Nous allons comprendre que le titre du livre et donc du spectacle n'est pas une question, mais bel et bien une affirmation. Sans point d'interrogation.
Le comédien va hurler des « noms illustres ».
Des noms qu'il faut avoir en permanence à l'esprit, pour ne pas les oublier, le nom de ceux qui ont fait en sorte d'arrêter de rembourser certains médicaments nécessaires au père d'Edouard Louis littéralement broyé dans son usine, de transformer le RMI en RSA, de promulguer la Loi-travail, le nom de celui qui parle des « fainéants », des « assistés », qui enlève 5 euros par mois aux plus démunis, qui oppose ceux qui portent un T-shirt ou un costume, dominés et dominants.
Chirac, Bertrand, Sarkozy, Hirsch, Hollande, Valls, El Khomry, Macron…
Durant tout le spectacle, Quentin Alberts se montre virulent et agressif verbalement. Il parvient parfaitement à faire passer le ressenti de l’auteur, tout ce qu’il a dû endurer…
Il n’arrête pas de se déplacer, de danser, presque parfois, se mouvant autour de la structure qui va s’installer devant nous.
Le père, c’est Richard Ecalle.
Qui se place dans sa cage. Nous entendons sa respiration, lourde et bruyante.
Un père-araignée. Qui durant une heure et quart va tisser sa toile.
Au moyen de ruban adhésif.
Les fils de cette gigantesque toile, ce seront ces rubans de scotch que le comédien va dérouler, créant un sentiment oppressant d’enfermement.
Impossible pour nous autres spectateurs de ne pas ressentir une sorte de malaise, à voir cet homme créer l’enfermement. La cage devient la prison.
L’espace devient de plus en plus contraint, sur le plateau, obligeant le comédien à adapter ses déplacements, et la position de son corps.
Lui aussi est amplifié.
Tout le monde sait qu’en déroulant un bout de scotch, un bruit caractéristique se produit.

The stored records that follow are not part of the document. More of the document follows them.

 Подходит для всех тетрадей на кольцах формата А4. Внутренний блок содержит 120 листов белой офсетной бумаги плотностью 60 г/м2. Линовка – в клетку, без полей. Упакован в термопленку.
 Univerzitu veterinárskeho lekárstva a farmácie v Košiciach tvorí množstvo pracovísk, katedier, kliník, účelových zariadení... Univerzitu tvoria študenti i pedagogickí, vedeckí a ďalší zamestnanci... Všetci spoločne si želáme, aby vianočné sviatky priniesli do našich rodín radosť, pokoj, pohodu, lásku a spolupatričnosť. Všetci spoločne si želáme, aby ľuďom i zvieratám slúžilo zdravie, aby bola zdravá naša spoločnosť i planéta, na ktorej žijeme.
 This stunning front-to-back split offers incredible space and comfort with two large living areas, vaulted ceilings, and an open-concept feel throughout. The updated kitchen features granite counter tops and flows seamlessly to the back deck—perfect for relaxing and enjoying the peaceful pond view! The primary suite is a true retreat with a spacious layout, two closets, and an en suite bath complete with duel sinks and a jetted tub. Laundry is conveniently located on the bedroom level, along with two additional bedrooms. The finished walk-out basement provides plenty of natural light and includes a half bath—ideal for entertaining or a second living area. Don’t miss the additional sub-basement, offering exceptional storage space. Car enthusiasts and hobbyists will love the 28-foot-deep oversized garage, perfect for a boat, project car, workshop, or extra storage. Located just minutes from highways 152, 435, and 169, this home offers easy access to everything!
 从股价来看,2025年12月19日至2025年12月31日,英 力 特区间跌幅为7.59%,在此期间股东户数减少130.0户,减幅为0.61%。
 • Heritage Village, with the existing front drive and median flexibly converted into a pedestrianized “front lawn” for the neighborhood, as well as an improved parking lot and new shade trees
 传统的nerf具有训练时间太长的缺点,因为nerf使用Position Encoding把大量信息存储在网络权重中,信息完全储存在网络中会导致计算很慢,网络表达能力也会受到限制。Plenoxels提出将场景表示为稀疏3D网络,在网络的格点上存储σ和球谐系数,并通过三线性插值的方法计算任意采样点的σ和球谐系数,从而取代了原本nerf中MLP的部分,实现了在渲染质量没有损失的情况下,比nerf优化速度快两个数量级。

En plaçant le rouleau près de sa bouche, le comédien génère un son qu’il module, avec le résonnateur naturel de sa bouche.
Ainsi, il crée des bruits qui seront tour à tour des cris, des menaces, des vociférations monstrueuses.
Le parti-pris est formidable. Ce spectacle est un spectacle qui doit s’écouter également attentivement.
D’autant qu’à la guitare électrique, Pascal Ferrari nous assène des rifs plus ou moins saturés, des notes de rage, des notes itératives, parfois lancinantes, recréant également une violence mais aussi une délicatesse furieuse, une furie délicate. Comme un oxymore musical.
Les petits supports du ruban serviront également, comme des œufs eux aussi monstrueux collés aux fils, mais aussi de lunettes. Là encore, le propos est fort judicieux.
Ce spectacle intense, cette magistrale adaptation d’un livre-choc, sidère les spectateurs, au sens premier du terme.
La restitution des mots d’Edouard Louis devient un véritable coup de poing dramaturgique. Je peux vous assurer que personne autour de la scène n’en mène large.
Un véritable et fascinant choc artistique !
Lorsque la forme dramaturgique se met au service du propos littéraire.
Ne manquez surtout pas ce spectacle, s’il vient à être donné près de chez vous. Il le sera forcément.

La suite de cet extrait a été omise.